The RTD of a filter or smoking article is expressed herein with the units of pressure ‘mm WG’ or ‘mm of water gauge’ and is measured in accordance with ISO 6565:2002.
Preferably, the overall length of smoking articles according to the present invention is between about 70 mm and about 128 mm, more preferably about 84 mm.
Preferably, the external diameter of filters and smoking articles according to the present invention is between about 5 mm and 8.5 mm, more preferably about 7.9 mm.
Preferably, the overall length of filters according to the present invention is between about 18 mm and about 36 mm, more preferably about 27 mm.
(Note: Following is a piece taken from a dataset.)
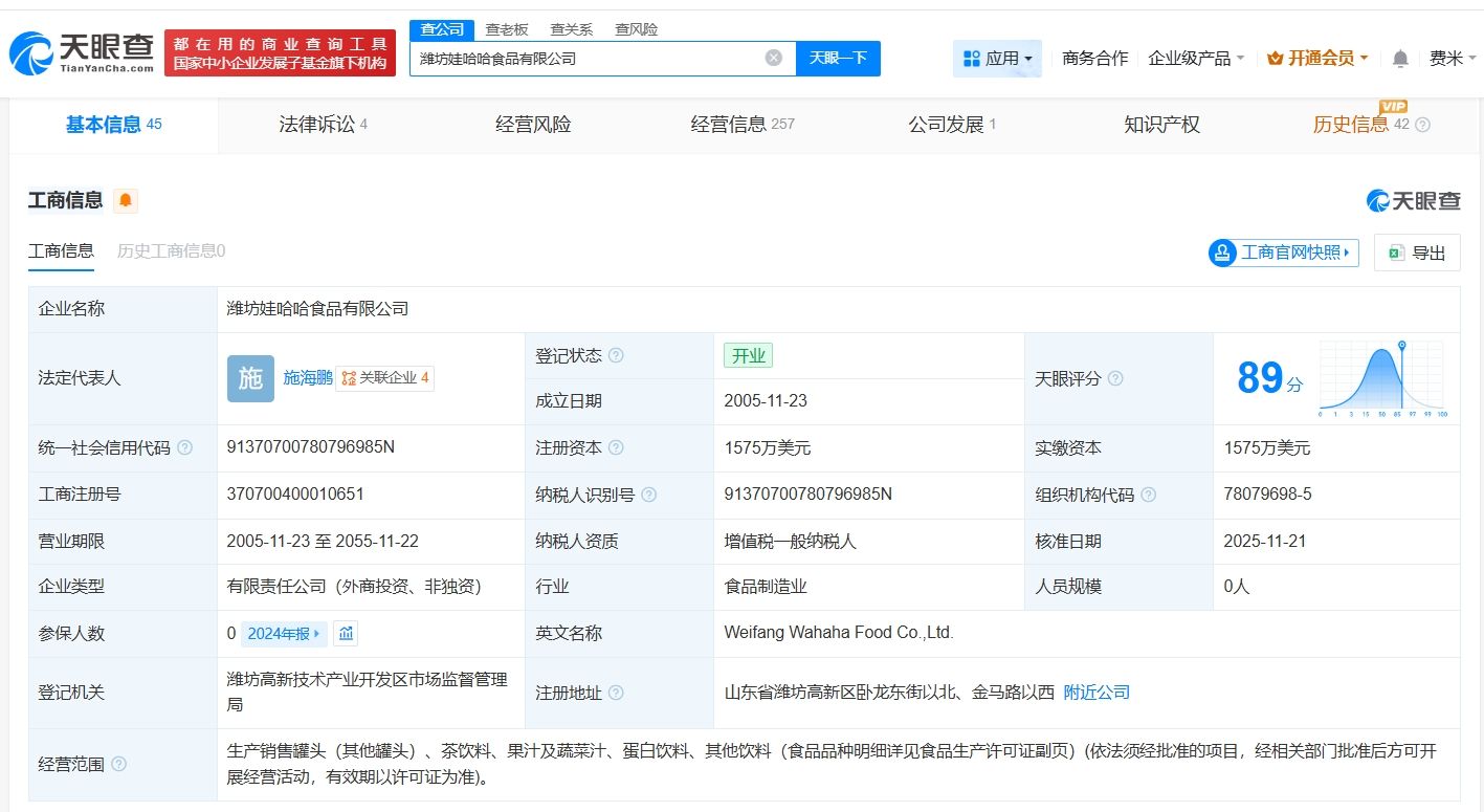 虎林市宏胜饮料有限公司成立于2011年6月,注册资本800万美元,经营范围包括食品生产、饮料生产、食品销售等。股东信息显示,该公司由丽水宏博饮料有限公司、荣辉投资有限公司共同持股。值得一提的是,近期,祝丽丹还卸任了潍坊娃哈哈饮料有限公司、潍坊娃哈哈食品有限公司、衡阳恒枫饮料有限公司等超十家宏胜集团旗下公司职务。

Polymeric inserts as described above may advantageously be incorporated into a wide variety of different types of smoking article. For example, the polymeric inserts may be incorporated into combustible smoking articles, such as filter cigarettes, having a rod of tobacco cut filler or other smokable material, which is combusted during smoking.
Alternatively, the polymeric inserts may be incorporated into heated smoking articles of the type described above in which material is heated to form an aerosol, rather than combusted. For example, polymeric inserts according to the present invention may be incorporated into a heated smoking article comprising a combustible heat source, such as that disclosed in WO-A-2009/022232, which comprises a combustible heat source and an aerosol-generating substrate downstream of the combustible heat source. Polymeric inserts according to the present invention may also be incorporated into heated smoking articles comprising non-combustible heat sources, for example, chemical heat sources or electrical heat sources such as electrical resistive heating elements.
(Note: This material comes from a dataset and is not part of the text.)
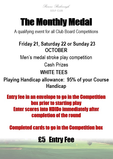 Monthly Medal this weekend (Fri, Sat, Sun)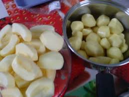 Dans une grande casserole, mettre pommes + pommes de terre + 1/2 litre ( 50 cl) d’eau + sucre + vinaigre + sel. Porter à ébullition. Couvrir et cuire environ 25 mn à petit feu: pommes et pommes de terre doivent être tendres.

Alternatively, polymeric inserts as described above may be incorporated into smoking articles in which a nicotine-containing aerosol is formed from a tobacco material or other nicotine source without combustion and without heating, such as those described in WO-A-2008/121610 and WO-A-2010/107613.
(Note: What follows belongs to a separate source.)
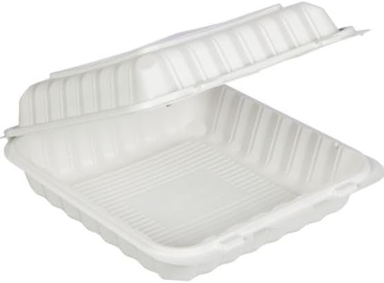 Single Compartment Hinged Container, 9″ x 9″, White, 150 ct

Smoking articles according to the present invention may be packaged in containers, for example in soft packs or hinge-lid packs, with an inner liner coated with one or more flavourants.
According to the invention there is further provided a method for forming a filter according to the invention, as described above. The method comprises the steps of: providing a polymeric insert formed of a dissolvable polymeric material comprising one or more water soluble polymers; providing a filter wrapper; wetting at least one of the polymeric insert and the inner surface of the filter wrapper through the application of water; and wrapping the plug wrap around the filter and into contact with the polymeric insert. The water at least partially dissolves the polymer material at the outer surface of the polymeric insert and the dissolved polymeric material adheres the plug wrap to the outer surface of the polymeric insert.
The filter produced by the method according to the invention includes a filter wrapper that is fused to the outer surface of the polymeric insert by means of the polymeric material forming the insert, which in some embodiments provides an airtight seal between the plug wrap and the polymeric insert, as described above. Preferably, the filter wrapper applied to the filter is a plug wrap, as discussed above.
In preferred methods of the present invention the filters including the polymeric insert are formed continuously. A continuous array of the filters including the polymeric inserts and any additional filter segments is provided and the continuous array of filters is wrapped in a continuous sheet of the filter wrapper. The continuous wrapped filter rod is then preferably out to form individual filters, or filter rods that have all of the components for two (double) or four (quadruple) filters, which are subsequently combined with wrapped tobacco rods in a known process to provide assembled smoking articles.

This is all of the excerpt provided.